There is real – in the put your hands on it, bang it around, send it down a mountain, solid kind of way. And there is genuine, in the identifiable, yet you can’t quite describe it kind of way. You just know it when you see it.

Matt Cudmore is that guy. His solid 6’2” frame indicates the gritty, built-to-last, Rocky Mountain dude that he is. His smile hints to the way of a man who gives more than he will ever take and who lives not by any particular code, but simply by choosing his path, working hard and surrounding himself with good people. This is the heart of Meier Skis.


Raised in the northern reaches of Idaho, Matt now makes his home at the confluence of the Colorado and Roaring Fork Rivers in the town of Glenwood Springs, Colorado. It’s the kind of place where you imagine raising a family. Friendly and picturesque, you know most everyone by name – and if you don’t, you still smile and chat as if you do. It’s the kind of place that when you decide to go all in and start building skis out of your one-car garage, that friends and neighbors have your back. 

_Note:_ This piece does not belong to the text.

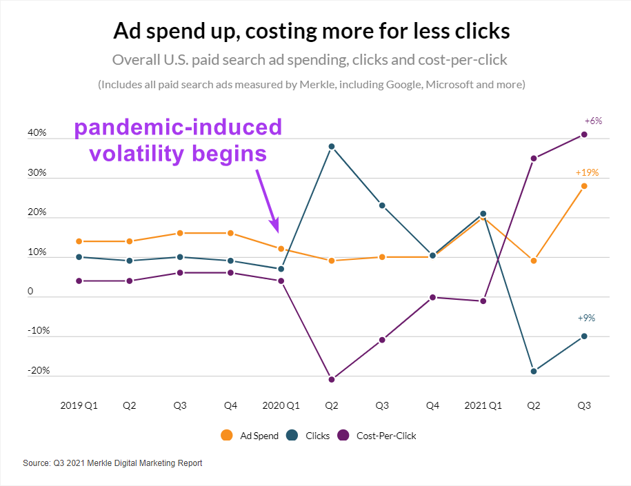 Ketika COVID-19 membuat dunia terkunci pada tahun 2020, orang dewasa mulai menghabiskan 28% lebih banyak waktu online, yang pada gilirannya membuat persaingan bayar per klik (PPC) menjadi overdrive. Kurangnya pasokan yang tiba-tiba telah menyebabkan tingkat biaya per klik (BPK) meroket. Perusahaan AS sekarang membayar lebih untuk klik yang lebih sedikit daripada sebelum pandemi.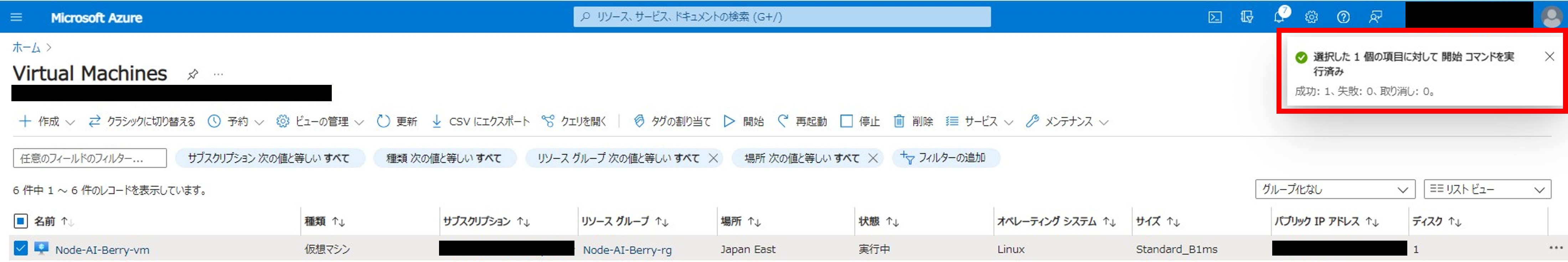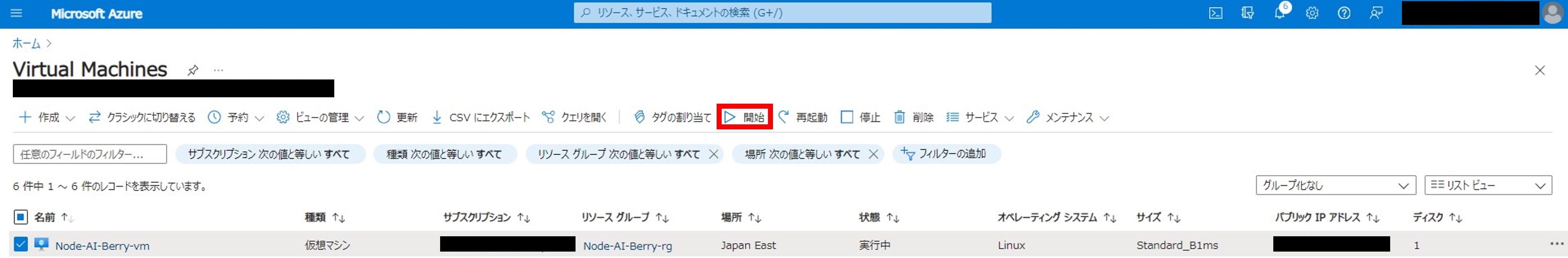 「1.1.3.2. Microsoft Azureに仮想マシンを構築する - 仮想マシンを作成する」で作成した仮想マシンのチェックボックスをクリックします。

The path to Glenwood Springs for Matt and his wife Rosie, took them from Idaho to Montana to Tulsa, Oklahoma. Along the way, Matt studied architecture, built houses, became a certified flight mechanic, and received his pilots license, which he paid for in trade with a handshake and a promise of snowboard lessons for life for his flight instructor. 


Once back in the familiar surrounds of western snowcapped peaks, the itch to build a pair of skis set in. Working out of his tiny one car garage with wood purchased right off the rack at Lowes, Matt produced the first pair of what would become Meier skis. There was no turning back from there. Glenwood’s local mountain resort, Sunlight Mountain became the backyard testing ground for Meier Skis. Even in the summer when Matt worked cutting trees and clearing trails on the mountain in exchange for ski passes for his family, he considered it research on how he would build his next pair of skis to best handle Sunlight’s many powder stashes.  

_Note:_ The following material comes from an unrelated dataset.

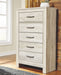 Your bedroom isn’t just a room. It’s a canvas. Express your farmhouse style with this chest of drawers. Wispy white finish over replicated oak wood grain brightens up the space with charm. Brushed nickel-tone handles with black edging finesse the piece with a bit of shine. Drawers are spacious and lined with faux linen laminate to hold your belongings with care. This clean-lined profile is the perfect authentic foundation for inviting decor.

Honing his skills with each new pair, which he sold to friends for $135, almost enough to cover the costs of his materials, Matt began developing a reputation for turning out quality, hand-built skis. Never satisfied with just what works today, Matt began incorporating beetle-kill pine into his core material. It’s a difficult wood to work with in terms of making skis and it took some time to find the right balance with the primary aspen core wood. But Matt found the sweet spot and emerged with a lightweight, high-performance ski made with 100% natural wood products harvested in Colorado. 

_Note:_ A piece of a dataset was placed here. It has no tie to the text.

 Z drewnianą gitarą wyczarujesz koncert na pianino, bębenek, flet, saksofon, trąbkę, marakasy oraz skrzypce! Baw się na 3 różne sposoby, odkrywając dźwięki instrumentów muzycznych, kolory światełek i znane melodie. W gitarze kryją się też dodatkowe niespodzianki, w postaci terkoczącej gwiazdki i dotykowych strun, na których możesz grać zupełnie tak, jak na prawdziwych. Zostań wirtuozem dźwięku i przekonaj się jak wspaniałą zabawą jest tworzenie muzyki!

The commitment to utilizing Colorado harvested woods puts Meier Skis on the map with the Colorado Forest Products program, which raises awareness about Colorado forests and wood products industry. By using Colorado forest products to build Meier Skis, Matt and his team are helping to provide jobs and boost local economies, and are doing their part to make Colorado forests a better place and more sustainable for the future. 

As word of Meier Skis spread, demand grew and growth of the company became a reality. While a good problem to have, with success came challenges. Except for the one fleeting moment when Matt & Rosie said to each other, “we’ll give it one more month,” the answer was to always move forward, each and every day. Solutions will reveal themselves. 


With friends and family already squarely on-board, Matt turned to the Roaring Fork Business Resource Center, a partner of the Colorado Small Business Development Center Network, hoping someone would talk him out of this crazy idea to start a ski manufacturing company. But there was no talking Matt out of taking Meier Skis to the next level. His business continues to grow and he attributes much of that success to the community of Glenwood Springs. He thinks about that everyday. Even the names of his skis, like The Doc, in reference to Doc Holliday who spent his dying days in Glenwood Springs, and the Big Nose Kate’s, (Doc’s girlfriend), pay homage to the rich history of Glenwood Springs.  

Today, Meier Skis operates out of 2,000 sq. ft. shop in Glenwood Springs. Over 300 people showed up for their grand opening. Matt continues to boost his production and call on local help as his production steadily increases. From the confines of his small garage, to being on pace to produce nearly 1,000 pairs a season, Meier Skis occupies an important place in the fabric of the Glenwood Springs and Roaring Fork Valley communities. 


What’s next for Meier Skis? If you ask Matt and Rosie, they’ll tell you that tomorrow there are orders in, skis to be made, and kids to take school. But something always seems to pop up for the Cudmores, so they’ll just keep taking things a day at a time. To hear Matt tell it, “Everyday I come in and it’s something different, it’s exciting and I know all the questions will get answered and we’ll be off to break trail for the next adventure.” 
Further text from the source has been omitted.